Asked 2 years ago in Business Law from Bangalore, Karnatka
1) the contract would be binding upon the parties
2) do incorporate an arbitration clause in the contract that in event of any disputes between parties shall be subject to jurisdiction at Bangalore only
The terms are more or less okay but the clause of non-compete Will have to be taken into account.
I am not sure what more you want to know through this query except points on drafting the agreement.
I must mention that drafting such agreement requires skilled job of a lawyer for which you have to get in touch privately.
If you want my service on this issue please feel free to get in touch.

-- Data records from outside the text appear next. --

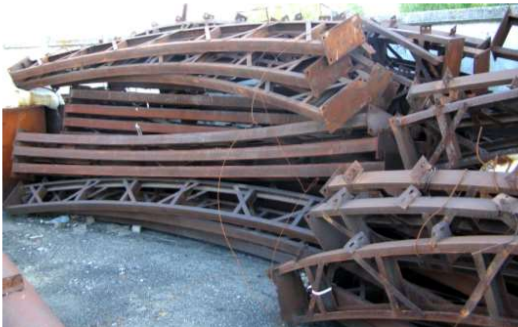
Рис. 2. Відправні елементи (секції) безшарнірних арок з розібраних складів сільськогосподарського призначення, що були у використанні.

Для розв'язання цієї задачі було проведено дослідження ринку металевих конструкцій, що були в ужитку. Виявлено, що значний сегмент цього ринку займають демонтовані елементи каркасів циліндричних сільськогосподарських складів у вигляді безшарнірних арок, виготовлених з металевих профілів (рис. 2).
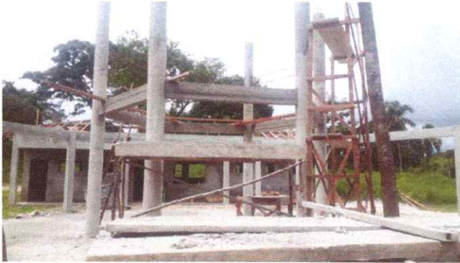
Imagem 01: Elevação estrutural.

FINALIZAÇÃO DA E.M.E.F. LUCELINA DE FÁTIMA SANTOS - POLO AÇAITEUA – LOCALIDADE DE CENTRO ALEGRE NO MUNICÍPIO DE VISEU-PA.
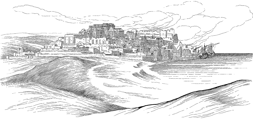
I' dör ká kiè Jope e'. (Jonás 1.3)

aneule iwák kéköl a: “iSa' tsatkó, sa' tsatkó!” Eta dalì kos tuléttsami dayè kì as kè kanò katsirwa.
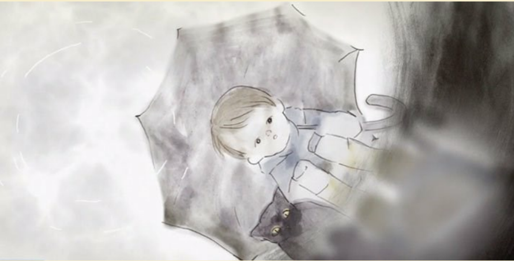
Rain and Fish © Risa Kimpara / Tokyo University of the Arts

Identifier et exprimer en les régulant ses émotions et ses sentiments. Être capable d'écoute et d'empathie.
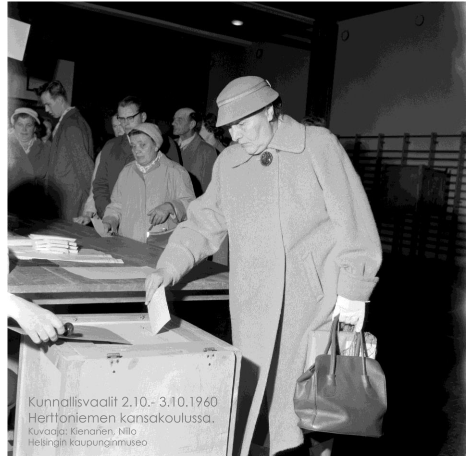
Kunnallisvaalit 2.10.- 3.10.1960 Herttoniemen kansakoulussa.
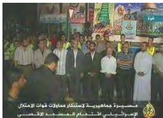
הפגנות מחאה ברצועת עזה על האירועים בירושלים מימין: הפגנה בהשתתפות בכירי חמאס (אלג'זירה, 27 בספטמבר) משמאל: הפגנת נשים (ערוץ אלאקצא, 28 בספטמבר)

■ להלן עיקרי התגובות של הרשות הפלסטינית:
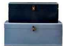
Boîtes en métal, L 52 et 60 cm. House Doctor, Living & Co, 79,95 € les deux.
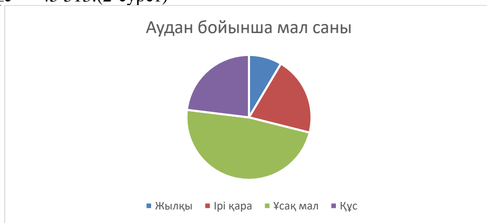
2-сурет – Тасқала ауданы бойынша мал саны

Жыл сайын қарқынды дамып келе жатқан мал шаруашылығы ауыл тұрғындарының негізгі табыс көздерінің бірі болып табылады. Аудан бойынша (2023 жылы) ірі қара мал басы — 40 233 бас, жылқы — 16 837, ұсақ мал — 94 692, құс — 45 513. (2-сурет)
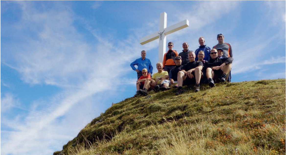
Zwölf Personen halfen im September 2018, das Kreuz auf der Schafmatt wieder aufzurichten.
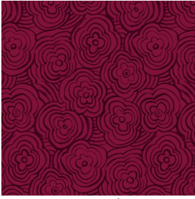
ONDES Opéra 104
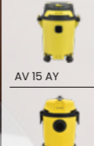
AV 15 AY
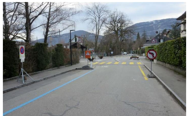
Illustration des mesures provisoires
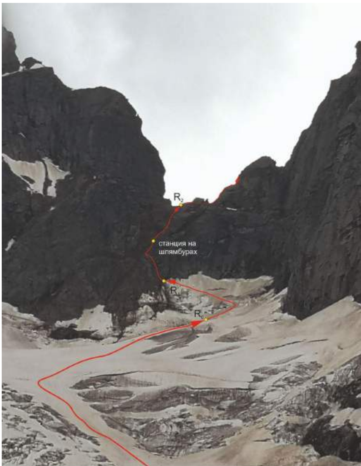
Фото 2. Линия подъема на перевал Двойняшки (участки R0-R1, R1-R2)

На участке R0-R1 при проходе бергшрунда и траверсе влево вкрутили несколько буров при одновременном движении. Станция R1 в удобном кармане между скалами и снегом закрыта от камней перед камнеопасным участком.
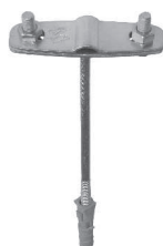
Uchwyt do bednarki i drutu
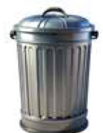
Grafik: KI generiert
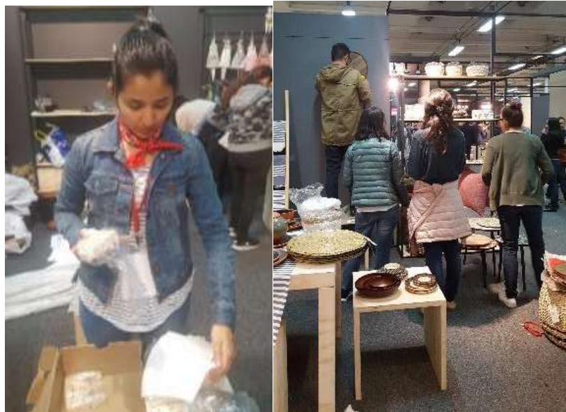
Montaje Expoartesanías 2017 Fecha: 05 de diciembre de 2017 Lugar: corferias
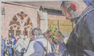
C'est dans le châteaillon de la cathédrale que les stands des auteurs se sont installés pour la journée.

Ce samedi 21 avril, différents lieux emblématiques de la ville de Saint-Dié se sont transformés pour accueillir la deuxième édition du festival Polar-sur-Meurthe: le châteaillon de la cathédrale, la Boussolle, le Grand Arts et le bar Les Deux Rives ont été transformés en salons de lecture, d'échanges et de débats. Bien sûr, un temps fort ont été les conférences et ateliers proposés aux auteurs. Les conférences ont été animées par des auteurs de renom, mais aussi par des auteurs locaux. Les ateliers ont permis de découvrir les techniques d'écriture de différents auteurs. Les ateliers ont été animés par des auteurs de renom, mais aussi par des auteurs locaux. Les ateliers ont permis de découvrir les techniques d'écriture de différents auteurs.
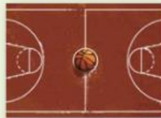
le terrain de
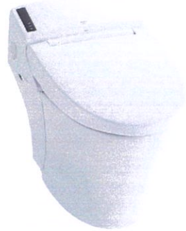
パブリック向け タンクレストイレ (床排水・K213G ・発電壁リモコン ・洗浄タッチスイッチ付) BC-K21S・DV-K213GL-R1
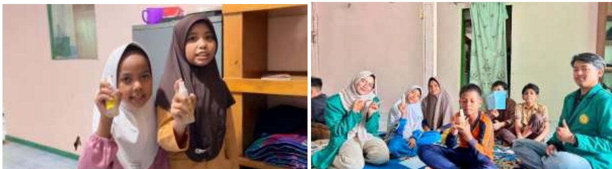
Gambar 6. Pembagian Spray Anti Nyamuk Kepada Peserta Panti Asuhan Bhakti Mufarridhun Pekanbaru.

Sebagian bentuk implementasi nyata dari edukasi kesehatan yang telah diberikan, tim pengabdian masyarakat telah membuat spray anti nyamuk dan langsung memperkenalkan spray anti nyamuk alami berbahan serai (Kristanti et al. 2024). Produk ini dibuat menggunakan bahan alami yang mudah diperoleh dan relatif aman digunakan dalam kehidupan sehari-hari. Fasilitator memberikan penjelasan langsung mengenai kandungan serai terdapat kandungan alami pengusir nyamuk. Aroma khas yang dihasilkan oleh minyak atsiri serai diketahui tidak disukai nyamuk dengan begitu kandungan inilah yang membantu mengurangi gangguan nyamuk dilingkungan sekitar (Huda, Fathoni, and Larasati 2022).
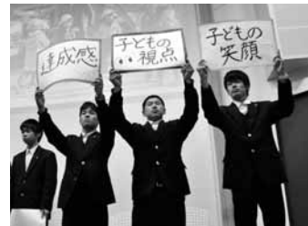
報告会(サムエル未来幼稚園) 学びを3つのキーワードで発表します
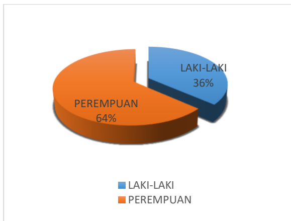
Gambar 1. Histogram Jumlah Partisipan

Data dikumpulkan dalam bentuk wawancara secara langsung kepada tenaga alih daya ( outsourcing ). Wawancara ini dilakukan selama dua hari pada tanggal 24-25 November 2021 di kantor maskapai penerbangan Citilink Indonesia dengan jumlah partisipan sebanyak 11 orang tenaga alih daya yang terdiri dari empat orang laki-laki (36%) dan perempuan sebanyak tujuh orang (64%). Partisipan juga memiliki jenjang pendidikan akhir yang berbeda yaitu 73% berpendidikan Strata1 (S1) dan sebanyak 27% berpendidikan setingkat SMA/SMK. Partisipan juga memiliki jenjang usia dari 20-35 tahun dan masa kerja sebagai tenaga alih daya antara 0-10 tahun.
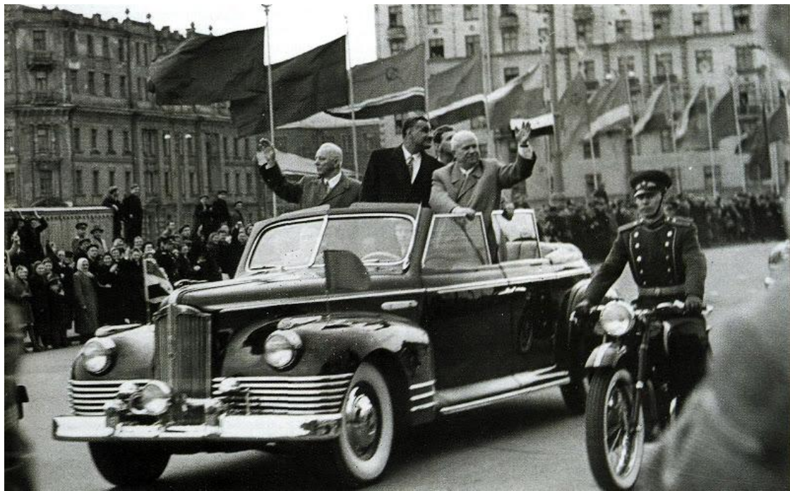
Г.А. Насер и Н.С. Хрущев в Москве в 1958 г .
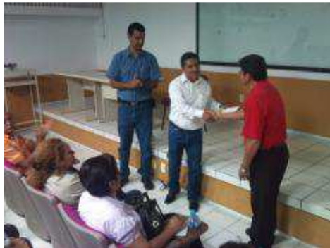
CLAUSURA DE LA ESCUELA PARA PADRES
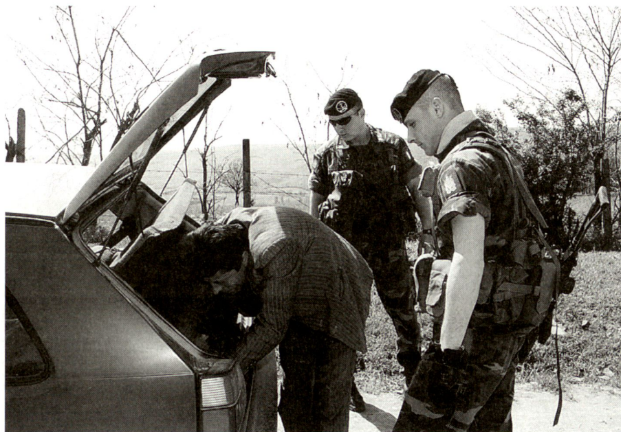
Posto di blocco.

compito, evitino di suscitare il risentimento della popolazione e pregiudicare il consenso dell'opinione pubblica, indispensabile per il successo dell'operazione.
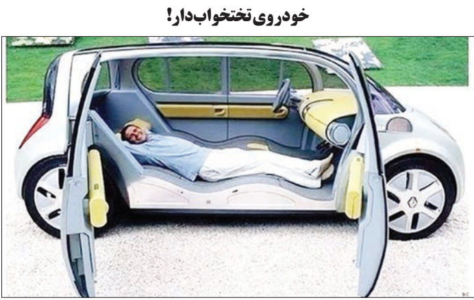
صندلی های این خودرو به شیوه ای طراحی شده است که در مواقع ضروری می تواند به تخت خوابی برای راننده تبدیل شود.
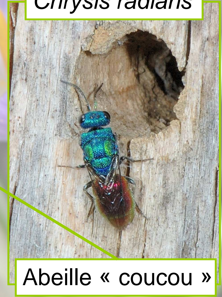
Abeille « coucou »
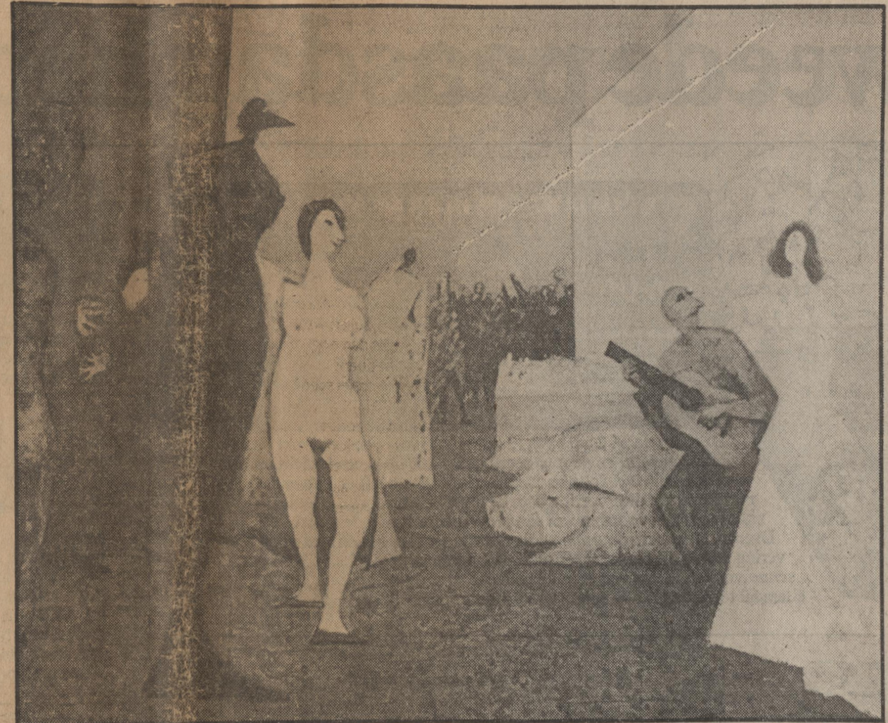
„Bekering van Venus“: gedachten en emoties bij elkaar gezet.

Die zorgvuldigheid komt voort uit de bewuste keuze. Zo is zijn kleurgamma eigenlijk beperkt gehouden en heeft daardoor een stralende kracht, alsof hij uit de voorname aardkleuren licht weet te toveren. Hij vindt op het doek uit, werkt aldus vanuit een aanvangelijke chaos terug naar een figuratie, een vorm, waarin hij zijn werkelijkheid gezuiverd terug geeft. Een andersom-proces met een beleefbare uitslag, waarin hij zich voorstelt als een man van cultuur, verzadigd en gevormd door dichters en schilders van zijn voorkeur, die hij soms in zijn schilderijen bij elkaar zet. Zo ontmoet Christus (man voor peloton?) Venus, beiden tragisch in het schilderij „Bekering van Venus“; in „Plaisir et Tristesse de l'Amour“ komt de wellust aan bod zonder vrolijkheid. Maar de geest maakt levend.
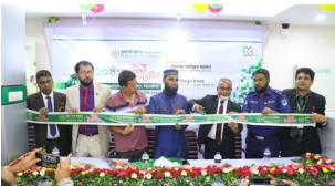
কোট চাঁদপুর উপশাখা, বিনাইদহ
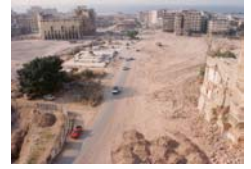
En 1994, après la guerre
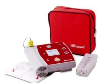
Défibrillateurs de formations
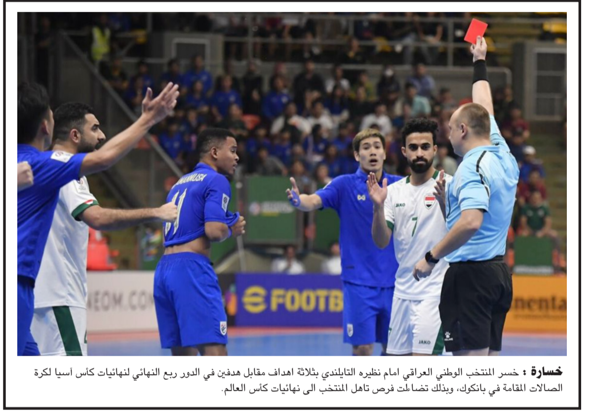
خسارة: خسر المنتخب الوطني العراقي امام نظيره التايلندي بثلاثة اهداف مقابل هدفين في الدور ربع النهائي لنهايات كأس آسيا لكرة الصالات القادمة في بانكوك، وبذلك تضاعفت فرص تاهل المنتخب الى نهائيات كأس العالم.
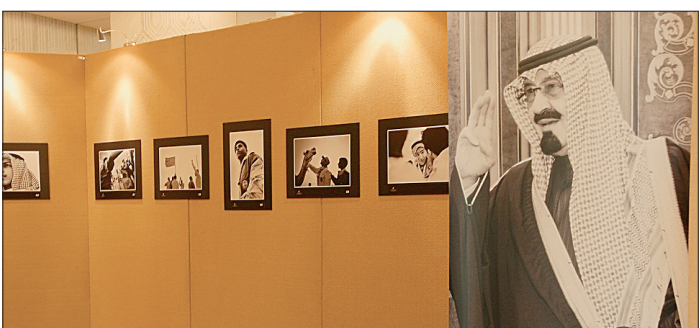
و.مؤديا التحية الكشافية.

التربية والتعليم، وهناك مشروع نظافة البيئة، وفي هذا العام تم رفع أكثر من ٤٠٠ طن من البلاستيك في أنحاء المملكة، وتم معالجة بعضها بالتنسيق مع عدد من الجمعيات الخيرية. ● في ظل الدعم الكبير الذي حظي به التعليم والتوجه نحو تفعيل التقنية في برامج وأعمال كافة المدارس .. ما المتوقع من الكشافة لمواكبة التقدم التقني ؟ ● جمعية الكشافة، هي جمعية مدنية ذات شخصية اعتبارية، وليست لها ميزانية معتمدة سوى إعانة سنوية محددة، ومع ذلك فإن الجمعية تسبق القطاعات في عملها، فعلى سبيل المثال، في الجانب التقني حولت الجمعية ومنذ سنوات ومنح الشهادات، ولديها متطوعون متخصصون في هذا الجانب، ومنذ سنوات والجمعية في عملها في الحج لا تتعامل ورقياً نهائياً، ولذلك سبقت الكشافة كثير من القطاعات، ولقد كان لصاحب السمو الملكي الأمير عبدالجيد بن عبدالعزيز (رحمه الله) كلمة مشهورة ظل يرددتها على مدى ١٢ عاماً، قال فيها «الكشافة تعمل على أعلى مستوى وتنسق جميع القطاعات في الجوانب التقنية»، وهذا راجع للجهد الطوعي الذي يبذله أعضاء الكشافة، ومن الأعمال التقنية استخدام خرائط الكترونية في المشاعر المقدسة.
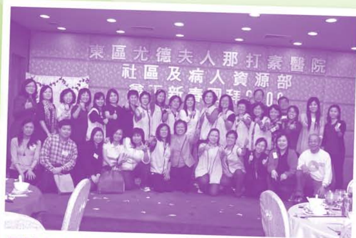
團拜之所以能順利舉行，帶給大家一個難忘的晚上，全賴一班籌委會義工及當日協助的義工，謹代表部門衷心多謝他們無私的付出。
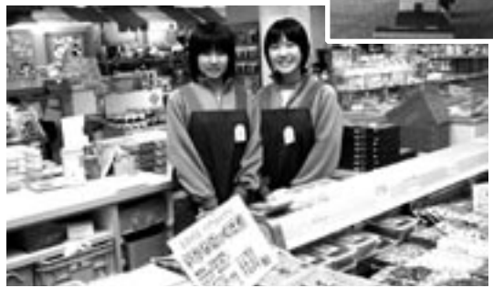
▲レストランと土産物店では笑顔と大きな声で接客
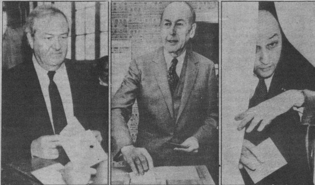
De izquierda a derecha, Jean-Marie Le Pen, Valéry Giscard d'Estaing y Laurent Fabius, en el momento de votar ayer

Es posible que la coalición de derecha tenga que contar con los votos de diputados independientes
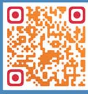
扫码查看活动门店
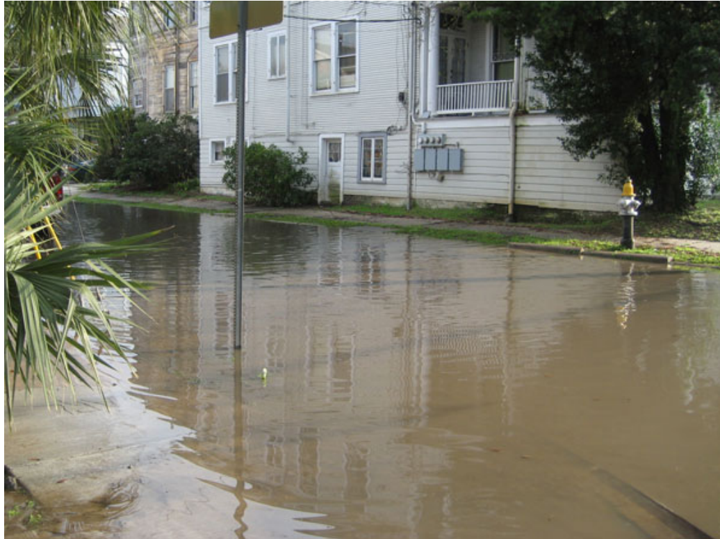
Fig. 2 – Mapple Street, inondée en deux heures après une pluie intensive (plus de 5 cm/h).

les parties les plus anciennes du système ayant une capacité moindre. Nous nous référons à ces nombreuses inondations dont sont victimes toute l'année certains microreliefs de la ville (voir Figure 2).
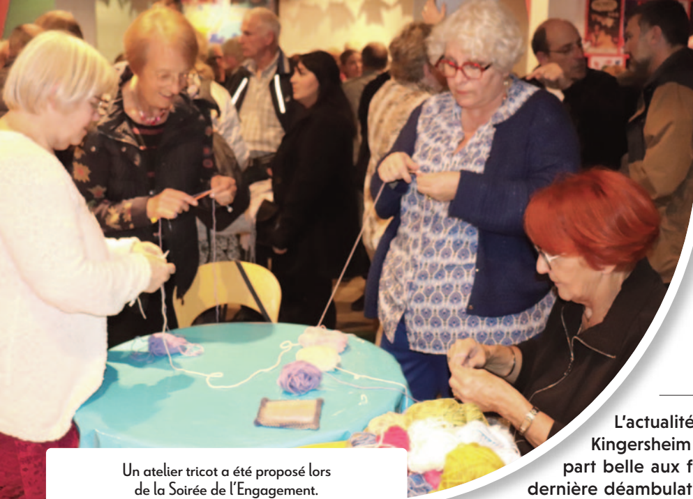
Un atelier tricot a été proposé lors de la Soirée de l'Engagement.
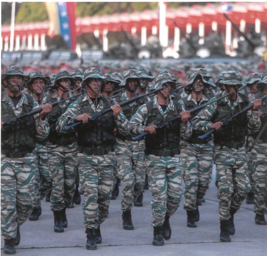
Parade 2. Das männliche Pendant: Unteroffiziere der Spezialkräfte der 1. Inf Div.

Wie zu allen Nationen gibt das Internationale Institut für Strategische Studien in London, das IISS (nicht zu verwechseln mit der Terrorbande ISIS) auch zu Venezuela präzise, gesicherte Informationen.
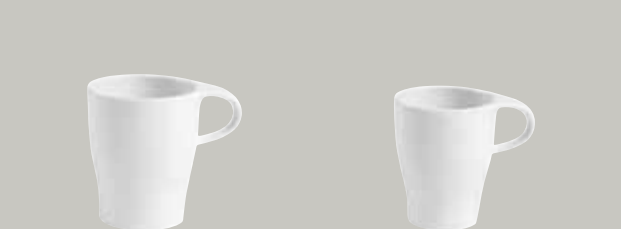
OCR-Nr. 16-4026-1240 Cup - Tasse seule - Tasse Taza - Tazza 0,35 l - 12 ozs. OCR-Nr. 16-4026-1270 Cup - Tasse seule - Tasse Taza - Tazza 0,26 l - 9 ozs. OCR-Nr. 16-4026-9651 Mug - Chope - Becher mit Henkel Jarra - Bicchiere c.manico 0,38 l - 12 ¾ ozs. OCR-Nr. 16-4026-1271 Cup - Tasse seule - Tasse Taza - Tazza 0,22 l - 7 ½ ozs.
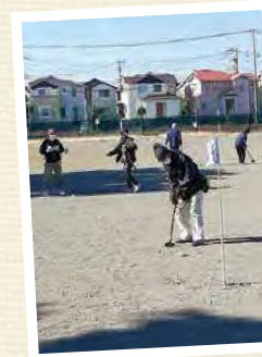
グラウンドゴルフ大会(早川地区)
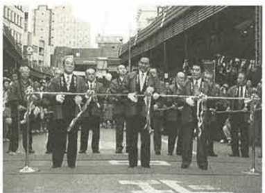
多くの方のご参加をおまちしています

今年で二十三回目を迎える松戸まつりが、10月5日・6日の両日、松戸駅周辺で開催されます。内容等の詳細については、この号でお知らせしておりますので、ご家族そろって参加いただければ幸いです。祭りといえば、今年の夏には「新松戸まつり」や「小金

You can enter in to such type of agreement. you have to have full proof agreement to make it enforceable.
Execute the agreement India so that Indian court will have jurisdiction over the contract.
Or both the companies can agree to the clause to submitted themselves to jurisdiction of the court in india exclusively.
Get the agreement vetted by Advocate before executing it.
The Terms or conditions what you have mentioned in your question seems to be genuine and acceptable by both the parties.
if you want to add any other conditions which you think would avoid litigation in future, you can contact a prudent lawyer in your locality or elsewhere who would be able to drat a proper contract agreement with technical terms making it legally valid.
The arbitration clauses may be added.
You can add jurisdiction for all disputes to be in your city.
1. If it is a LLP it cannot be a company.
2. The clauses desired by you should be incorporated in a flawless agreement which you must execute with the German company. The legal rights of both the parties will flow out of the agreement after it has been executed.
3. There is no bar to creation of a contract between two entities in two countries. Since disputes are inevitable in execution of contracts you should decide the jurisdiction of dispute settlement and incorporate it in the contract.
1. The Jurisdiction of the Court to settle any future dispute should be clearly mentioned in the legal contract,
2. The Arbitration clause also should be mentioned in details in the said contract,
3. If possible, some security amount for the specific period of the contract can be kept to secure the payment (if you are to receive payment from the foreign company).